Shelley Simmonds is a patient advocate whose son has Duchenne muscular dystrophy. Duchenne causes muscle weakening and wasting and is caused by a mutation on the dystrophin gene. Shelley joined us at the Festival of Genomics and spoke about being part of the Genomics England Patient Participant Panel. 

FLG: Can you introduce yourself and your work?

I’m Shelley Simmonds. I have an almost 7-year-old son who has Duchenne muscular dystrophy, he was diagnosed at 11 months old back in 2014. I became involved with the 100,000 Genomes Project because my son hadn’t presented with Duchenne in a typical fashion, and it was the general consensus that he might have another genetic condition alongside having Duchenne. As a result of my family enrolling in the 100,000 Genomes Project, I have joined the Genomics England Patient Participant Panel, and from there, the Ethics Advisory Committee. I also spent time volunteering for the national charity Action Duchenne.
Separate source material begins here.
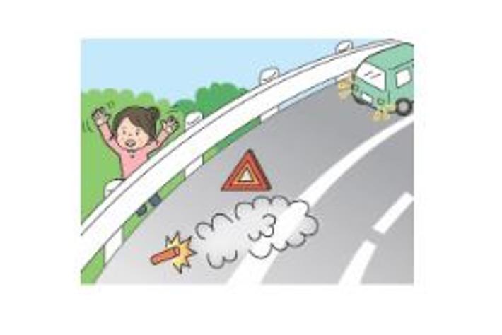 ◇停車後は、ハザードランプを点灯するとともに発炎筒や停止表示板で後続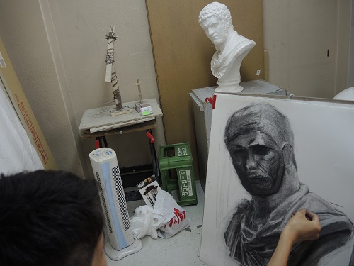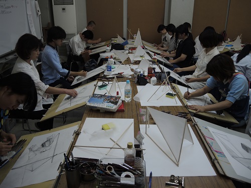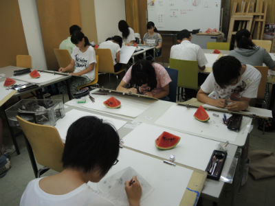 19 July 本日の無料デッサン講座 こんにちは。昨日は台風の影響で、かなり交通網に乱れがありましたが、皆なんとかアスクに通ってくれていました。さて、本日は無料デッサン講座が各校で開催されています。今回のモチーフはスイカです。まさに夏の顔ですね。 スイカは目に飛び込むような鮮やかな赤が印象的ですが、よく見ると果肉が毛細血管のようで、なんだか私はぞわぞわした気持ちになります。ともかく、普段何気なく見過ごしている様々なかたちに気づくこともデッサンでは大切なことですね。七条校無料デッサンの様子 夏期講習・振替授業の様子 本日で日程調整期間も終わり、明日から本格的に夏期講習が始まります。たくさんの生徒がいる中での制作はかなり刺激になると思います。また、上手くいかなくて身動きがとれないように感じることも多いと思いますが、夏期講習中は色んな先生が来てくださいます。たくさん相談してみてください。少しだけ見方が変わることもあるかもしれません。頑張りましょうね。和田 [0回] 2015/07/19 (Sun) 18:31 アスクでのこと Comment(0)

I completed the 2018 EURORIS Summer School and have been accepted onto the Eupati Expert Patient training course for 2020. I have had many speaking engagements over the years as a rare disease patient representative and my writings have been used by pharma and psychologists for training in different organisations. Our social media community whereby we share our experiences of living with a disabling rare disease, has over 12,000 followers – Fraser & Friends.

FLG: Do you think more awareness needs to be built of some genetic disorders? If so, do you think this could help in finding treatments sooner?

Absolutely, there needs to be more awareness for rare diseases. Duchenne is one of the most common rare diseases, yet I’d never heard of it until my son was diagnosed. Any other Duchenne parent will tell you the same too. It’s all about getting the awareness out there which then leads to people fundraising, and that hopefully helps to find treatments because what you will find is that very few rare diseases have any government funding for research.

 

FLG: What do you think the future for rare diseases looks like?

I look to treatments rather than a cure and I give the example of HIV. If you remember back to how that was in the 80s – if you had that diagnosis you would die. That’s what would happen to you. Whereas now, because of emerging treatments, it is a chronically manageable condition and I think that a lot of rare diseases will go the same way.

Where science and technology are concerned, it’s difficult because it does move quickly, but there will always be hurdles that you face, especially with rare diseases and clinical trials. Potentially therapeutics may work in the mouse model or a dog model, but when it comes to human trials, they fall at the first hurdle. There’s still a lot to overcome and learn I think.

FLG: What do you think is the most exciting thing happening in the genomics field worldwide right now?

The speed at which now you can read someone’s genome! I remember hearing that if you were to run a genome sequence back in the 80s, it would have taken something like 50 years to have read your entire genetic code. Now it takes less than 24 hours which is an incredible pace to have changed.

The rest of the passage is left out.